*Task*
Below are some records. Retype exactly the lines from the one containing "In addition to" through the one containing "3 копейки 1928 г. Рельеф. Без дефектов XF", both included, skipping every picture.

*Record excerpts*
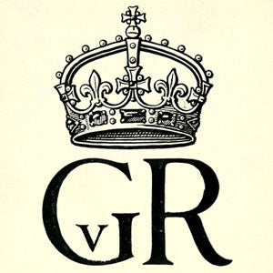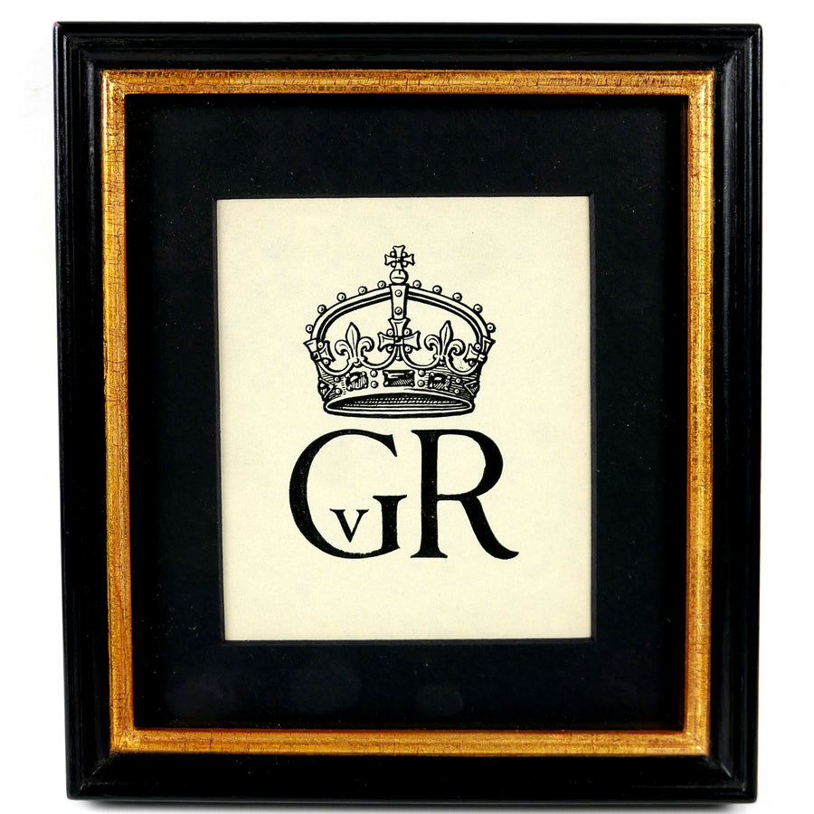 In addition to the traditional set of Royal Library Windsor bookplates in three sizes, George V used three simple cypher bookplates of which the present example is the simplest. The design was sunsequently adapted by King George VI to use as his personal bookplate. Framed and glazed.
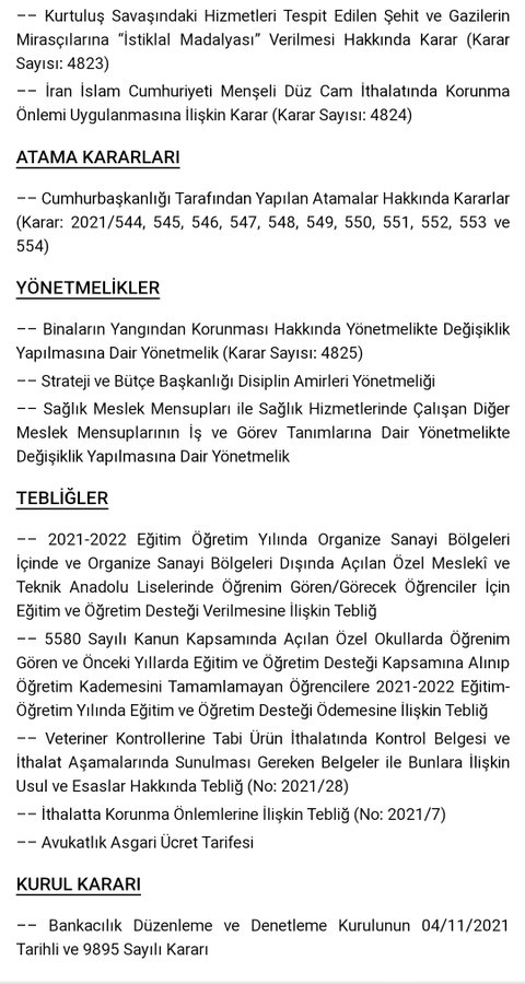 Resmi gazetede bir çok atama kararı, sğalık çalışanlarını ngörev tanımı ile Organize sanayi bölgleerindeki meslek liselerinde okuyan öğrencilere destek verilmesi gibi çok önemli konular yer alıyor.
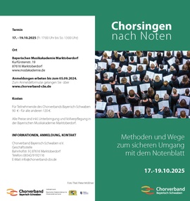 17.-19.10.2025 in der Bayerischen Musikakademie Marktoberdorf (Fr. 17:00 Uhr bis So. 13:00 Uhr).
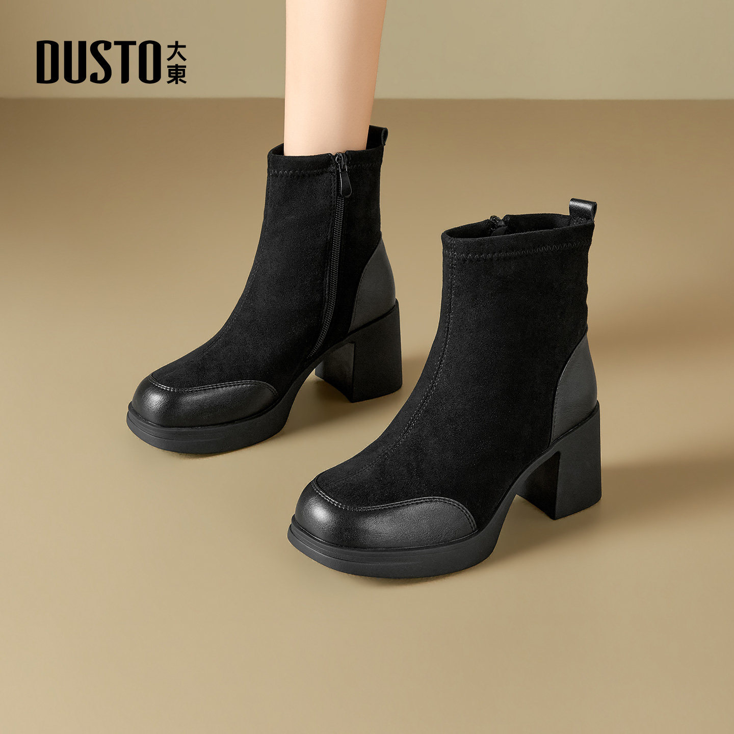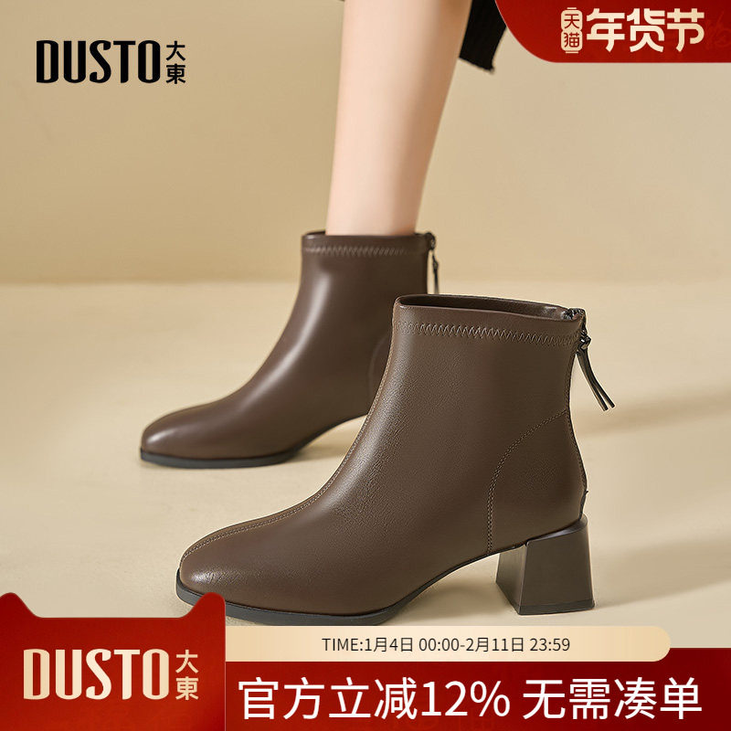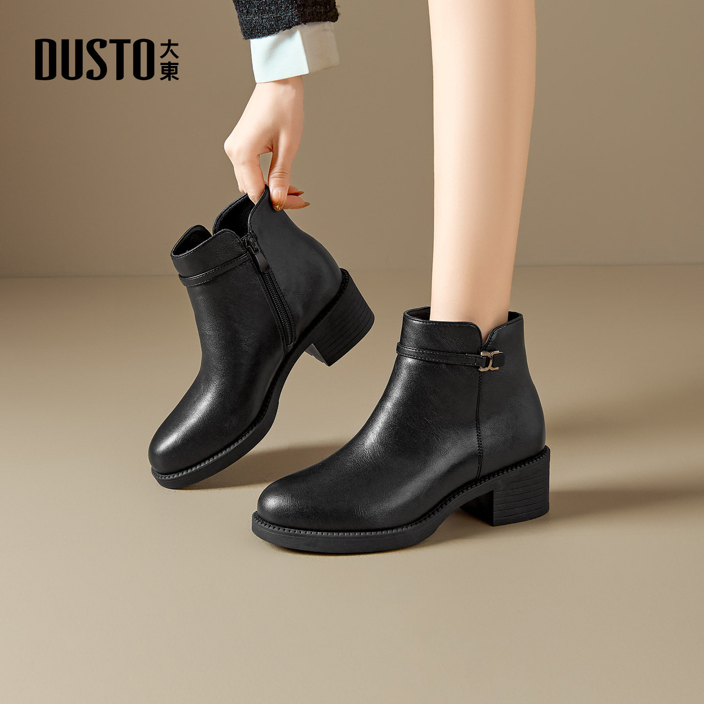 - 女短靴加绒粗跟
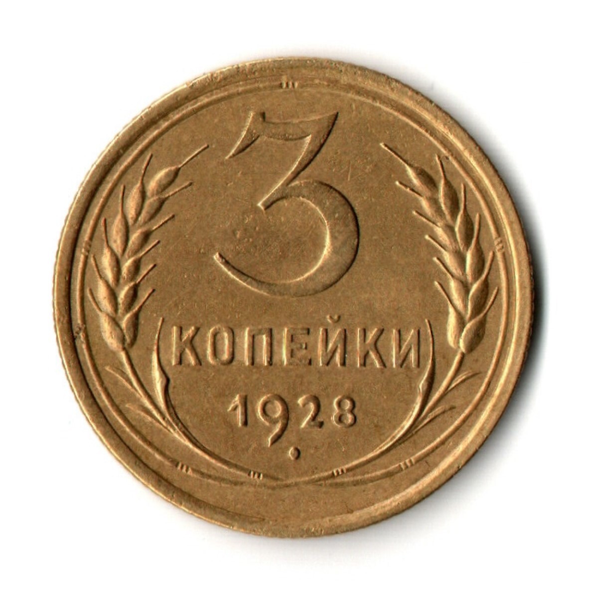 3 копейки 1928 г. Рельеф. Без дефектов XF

...

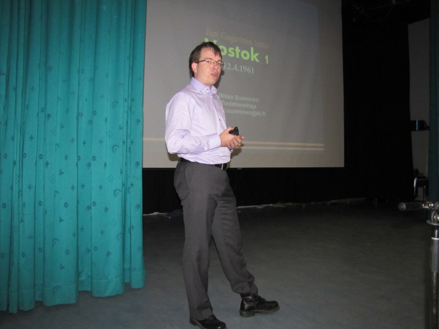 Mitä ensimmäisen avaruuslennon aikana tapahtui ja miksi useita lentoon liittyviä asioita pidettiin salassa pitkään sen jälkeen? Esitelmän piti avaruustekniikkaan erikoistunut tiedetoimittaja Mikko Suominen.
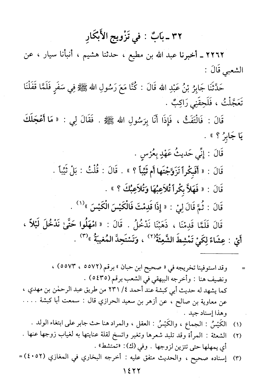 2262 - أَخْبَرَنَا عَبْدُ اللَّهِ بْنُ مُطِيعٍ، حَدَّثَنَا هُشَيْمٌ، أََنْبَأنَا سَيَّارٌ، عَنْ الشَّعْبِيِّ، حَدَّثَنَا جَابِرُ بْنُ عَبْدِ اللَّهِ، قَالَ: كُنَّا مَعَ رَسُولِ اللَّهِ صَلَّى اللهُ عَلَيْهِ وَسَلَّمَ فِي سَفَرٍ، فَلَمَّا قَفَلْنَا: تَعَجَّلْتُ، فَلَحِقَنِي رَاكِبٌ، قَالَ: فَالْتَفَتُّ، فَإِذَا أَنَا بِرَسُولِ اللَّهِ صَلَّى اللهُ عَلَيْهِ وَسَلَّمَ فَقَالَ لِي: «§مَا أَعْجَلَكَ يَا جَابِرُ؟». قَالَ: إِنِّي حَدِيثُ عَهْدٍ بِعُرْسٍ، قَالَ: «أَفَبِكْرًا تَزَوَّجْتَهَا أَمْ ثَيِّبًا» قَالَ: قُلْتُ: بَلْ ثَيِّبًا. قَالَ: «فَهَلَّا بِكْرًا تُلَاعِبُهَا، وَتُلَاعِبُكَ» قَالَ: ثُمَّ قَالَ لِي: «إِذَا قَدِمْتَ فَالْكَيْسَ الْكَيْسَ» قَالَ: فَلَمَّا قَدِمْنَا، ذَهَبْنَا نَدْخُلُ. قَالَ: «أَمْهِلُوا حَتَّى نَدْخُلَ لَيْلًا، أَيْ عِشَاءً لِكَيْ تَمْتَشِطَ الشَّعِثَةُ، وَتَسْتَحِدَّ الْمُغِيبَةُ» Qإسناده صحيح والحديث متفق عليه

...

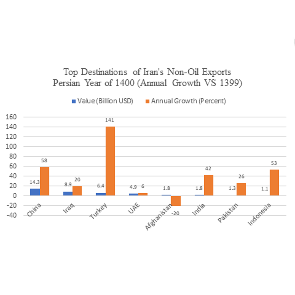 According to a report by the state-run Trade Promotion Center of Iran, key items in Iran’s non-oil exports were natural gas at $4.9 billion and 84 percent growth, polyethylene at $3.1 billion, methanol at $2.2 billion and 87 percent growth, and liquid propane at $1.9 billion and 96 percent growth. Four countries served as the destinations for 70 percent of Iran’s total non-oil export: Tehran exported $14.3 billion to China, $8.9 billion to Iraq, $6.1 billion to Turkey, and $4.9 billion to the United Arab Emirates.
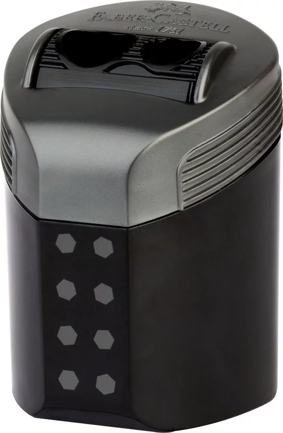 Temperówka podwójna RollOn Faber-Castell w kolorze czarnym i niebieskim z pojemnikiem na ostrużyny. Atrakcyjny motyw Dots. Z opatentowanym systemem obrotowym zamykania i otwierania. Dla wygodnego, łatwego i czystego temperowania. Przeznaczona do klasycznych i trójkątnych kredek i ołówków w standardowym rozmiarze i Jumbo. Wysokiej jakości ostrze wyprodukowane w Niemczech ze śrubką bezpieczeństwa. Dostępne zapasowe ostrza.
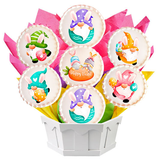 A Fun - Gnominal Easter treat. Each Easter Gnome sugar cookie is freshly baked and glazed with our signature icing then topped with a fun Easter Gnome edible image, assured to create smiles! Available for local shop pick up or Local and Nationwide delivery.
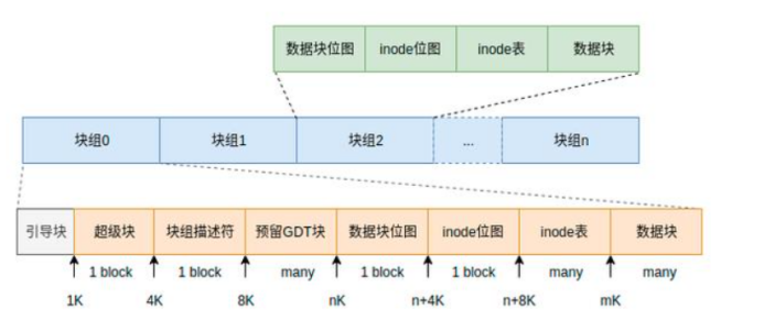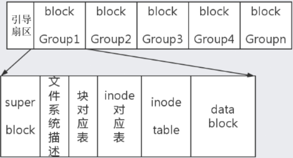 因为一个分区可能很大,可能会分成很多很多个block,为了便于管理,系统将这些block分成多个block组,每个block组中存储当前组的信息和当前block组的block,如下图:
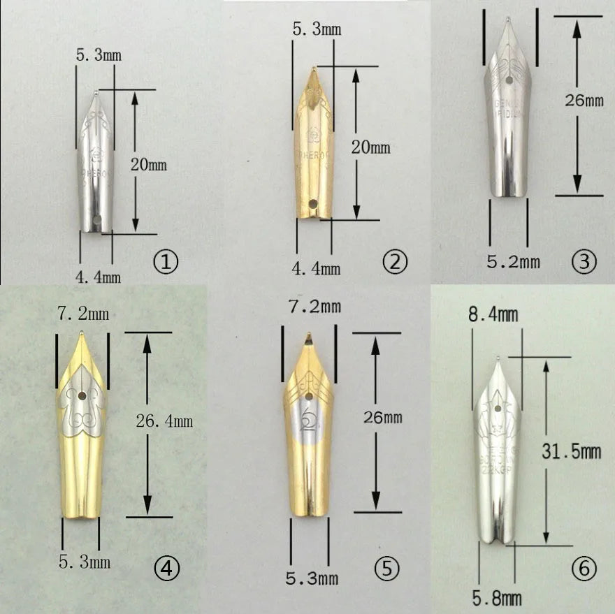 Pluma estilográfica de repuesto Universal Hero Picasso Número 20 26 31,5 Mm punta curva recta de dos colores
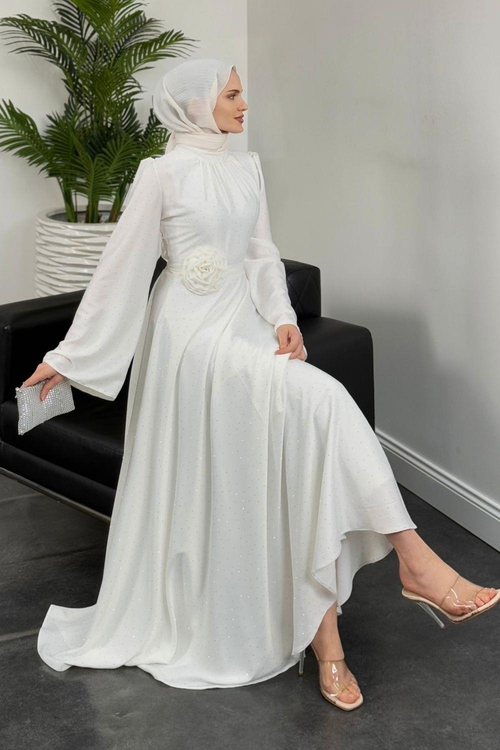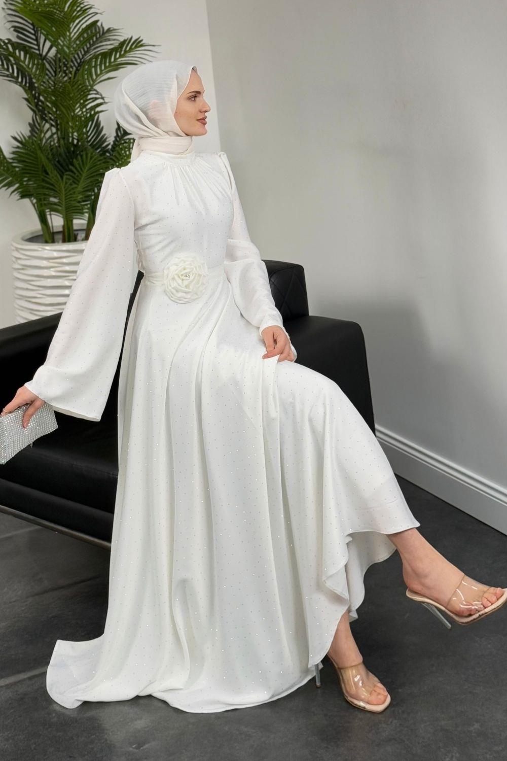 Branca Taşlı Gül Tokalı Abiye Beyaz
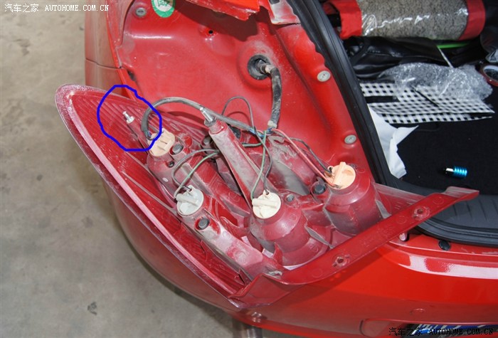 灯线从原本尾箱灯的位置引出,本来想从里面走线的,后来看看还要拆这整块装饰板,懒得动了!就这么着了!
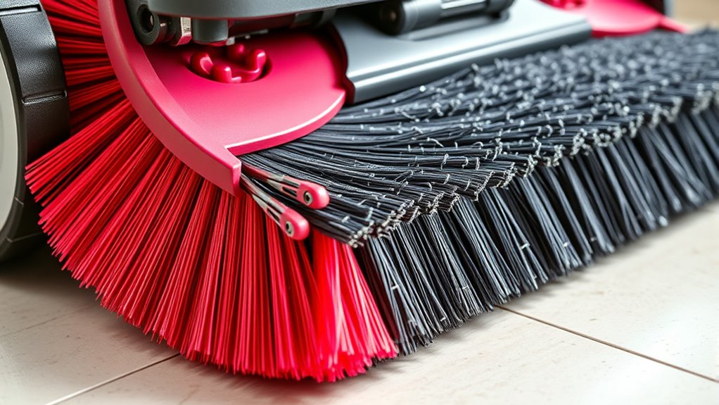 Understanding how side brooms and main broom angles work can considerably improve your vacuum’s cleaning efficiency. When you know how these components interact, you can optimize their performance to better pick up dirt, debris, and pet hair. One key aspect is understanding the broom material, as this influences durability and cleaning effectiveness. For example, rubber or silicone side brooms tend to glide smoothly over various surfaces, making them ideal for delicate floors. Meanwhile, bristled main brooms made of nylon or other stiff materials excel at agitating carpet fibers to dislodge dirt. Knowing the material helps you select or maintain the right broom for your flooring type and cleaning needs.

*Task response*
 In addition to the traditional set of Royal Library Windsor bookplates in three sizes, George V used three simple cypher bookplates of which the present example is the simplest. The design was sunsequently adapted by King George VI to use as his personal bookplate. Framed and glazed.
 Resmi gazetede bir çok atama kararı, sğalık çalışanlarını ngörev tanımı ile Organize sanayi bölgleerindeki meslek liselerinde okuyan öğrencilere destek verilmesi gibi çok önemli konular yer alıyor.
 17.-19.10.2025 in der Bayerischen Musikakademie Marktoberdorf (Fr. 17:00 Uhr bis So. 13:00 Uhr).
 - 女短靴加绒粗跟
 3 копейки 1928 г. Рельеф. Без дефектов XF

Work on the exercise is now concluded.